Super jumping robot jumps thirty meters into the air

A 30 centimeters high robot can jump into the air more than a hundred times its own length: 33 meters – more than a ten-storey flat. It is a super jumper, it gets higher than almost all jumpers in nature and much higher than other motorized jumpers, write researchers from the University of California and Disney Research in Nature

Jumping robots are usually made after jumping animals or insects. But biology mechanics have limitations that motorized jumpers can work around, the researchers said. They made a model of the limitations, and then designed a robot themselves to show how things could be improved. “This is close to the maximum possible,” they write.

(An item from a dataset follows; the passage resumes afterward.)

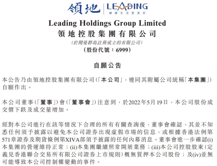 当日晚间,领地控股公告称,公司运营一切正常,控股股东无质押公司股份的情况,无可能有导致公司控制权变动的事件,公司董事会也并不知悉任何须予披露以避免公司证券出现虚假市场的信息。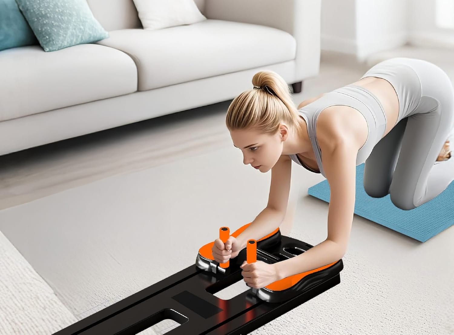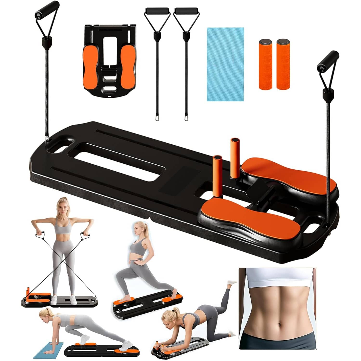 The quiet non-slip pads ensure you can exercise at any hour without disturbing family members or neighbors, while the ab crunch handles and specialized grip system provide multiple hand positioning options for exercise variety. The comprehensive accessory package includes everything needed to begin immediately: the main board unit, two resistance bands with handles, orange foam grips, a blue exercise mat, and additional grip handles for advanced movements.

The robot is mainly feather. It consists of four flexible carbon fiber ribs, with rubber bands in the middle. A string runs through the center, which is attached at the bottom and at the top – where the motor sits in a point-shaped space – is rolled up, causing the ribs to bend outwards. The robot is wide, once in the air it takes on a spear shape.

Rotating motor

Increasing energy storage is the crux of the robot and the big difference with biological jumpers. The rotating motor acts like a winch that winds the string. This means that with relatively little effort, more energy can be stored than a biological jumper could ever do. Muscles have a limited length and can only make one contraction movement.

The material also helps, the combination of carbon fiber ribs and rubber bands. They can all be put under voltage and have a higher energy density than materials in nature. The springy part is also heavier than the motor, in many biological jumpers the ratio is the other way around.


Photo Elliot W. Hawkes

“The surprising thing about this robot is its relatively large size,” writes Sarah Bergbreiter, mechanical engineer at Carnegie Mellon University in a comment in Nature† “The best jumpers in biology are usually limited to a few grams or less. Higher mass jumpers (like humans) use direct muscle power rather than spring actuation. But this robot has a mass of 30 grams, more than ten times heavier than the largest spring-powered organisms.”

The researchers fantasize about the usefulness of their jumper – for observations on the moon, for example, where it would reach a height of 125 meters. But to be useful in practice, you need to be able to control the jump height better, says Bergbreiter. “And although this robot can get itself ready again, it takes no less than two minutes to do so. Other jumping robots are immediately ready for use.”